Off-CPU time analysis (identifying blocking):
sudo bpftrace -e '
tracepoint:sched:sched_switch /args->prev_state != 0 && args->prev_pid != 0/ {
@offcpu_start[args->prev_pid] = nsecs;
}
tracepoint:sched:sched_switch /@offcpu_start[args->next_pid]/ {
$delta = nsecs - @offcpu_start[args->next_pid];
@offcpu_us[args->next_comm] = hist($delta / 1000);
delete(@offcpu_start[args->next_pid]);
}
interval:s:10 { print(@offcpu_us); exit(); }'
File system latency:
sudo bpftrace -e '
kprobe:ext4_file_read_iter { @start[tid] = nsecs; }
kretprobe:ext4_file_read_iter /@start[tid]/ {
@read_latency_us = hist((nsecs - @start[tid]) / 1000);
delete(@start[tid]);
}
kprobe:ext4_file_write_iter { @start[tid] = nsecs; }
kretprobe:ext4_file_write_iter /@start[tid]/ {
@write_latency_us = hist((nsecs - @start[tid]) / 1000);
delete(@start[tid]);
}
interval:s:30 { print(@read_latency_us); print(@write_latency_us); exit(); }'
Troubleshooting
"No such file or directory" for kernel headers:
# Ubuntu
sudo apt install linux-headers-$(uname -r)
# CentOS/Rocky
sudo dnf install kernel-devel
"Failed to attach probe" errors:
# Check if the function exists in the kernel
sudo bpftrace -l "kprobe:$FUNCTION_NAME"
# Kernel functions may be inlined (not traceable)
# Try tracepoints instead:
sudo bpftrace -l "tracepoint:syscalls:*read*"

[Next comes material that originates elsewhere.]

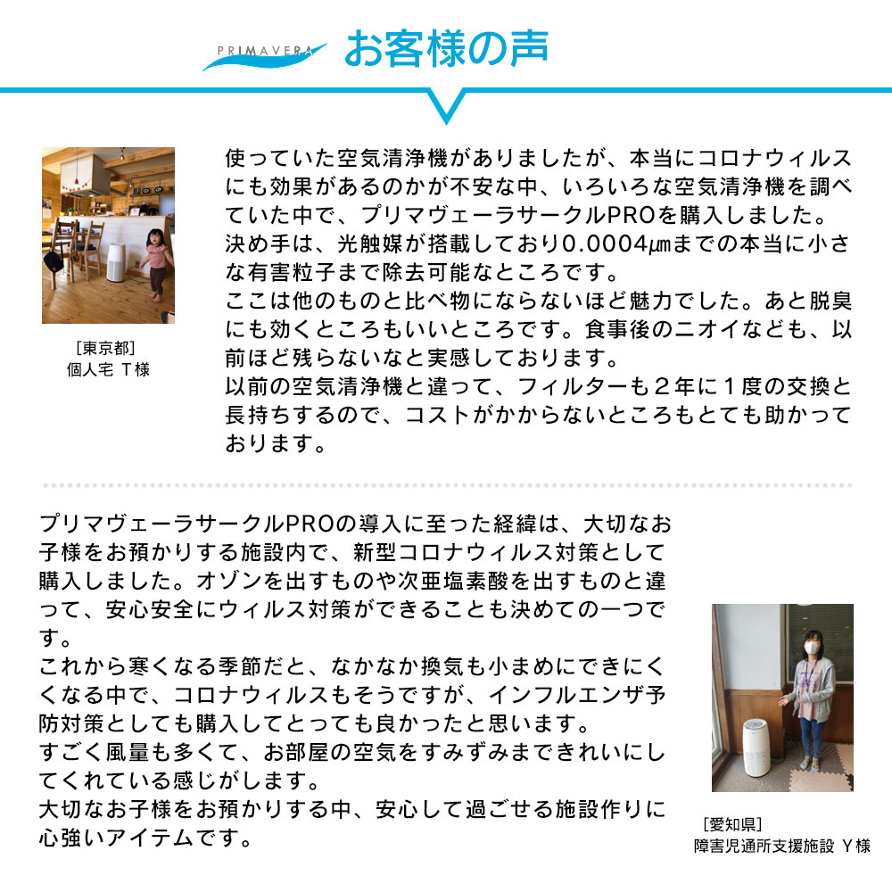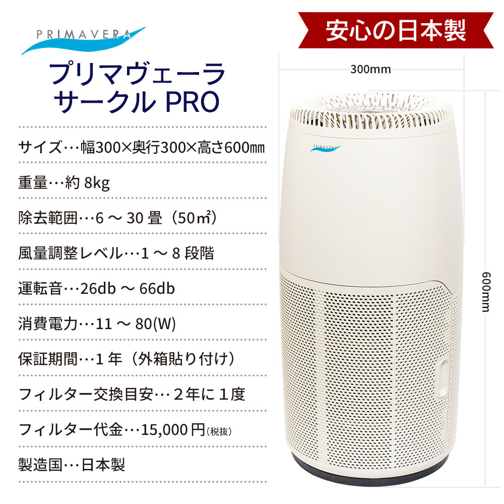 他社空気清浄機を使っておりましたが、毎日コロナウィルスの情報が飛び交っている中、我が家にも高性能の空気清浄機を探しておりました。 色々調べてこの「プリマヴェーラサークルプロ」にたどり着きました。

Missing USDT probes in binary:
# Check if binary was compiled with USDT support
readelf -n /usr/bin/python3 | grep stapsdt
# If no output, binary lacks USDT probes—use uprobes instead
bpftrace output lost (too many events):
# Increase perf ring buffer
sudo bpftrace -e '...' --perf-rb-pages 256
# Or reduce event volume with filters
sudo bpftrace -e 'tracepoint:syscalls:sys_enter_read /pid == 1234/ { ... }'
Permission denied:
# Check BPF capabilities
sudo capsh --print | grep bpf
# Ensure /sys/fs/bpf is mounted
mount | grep bpf
sudo mount -t bpf bpf /sys/fs/bpf
Conclusion
bpftrace provides unprecedented visibility into Linux system behavior with minimal overhead, making it invaluable for production debugging and performance analysis. By combining kprobes for kernel function tracing, tracepoints for structured events, uprobes for userspace functions, and profile-based CPU sampling, you can answer complex performance questions that traditional tools cannot address. Start with the built-in one-liners, then write custom scripts as your investigation deepens.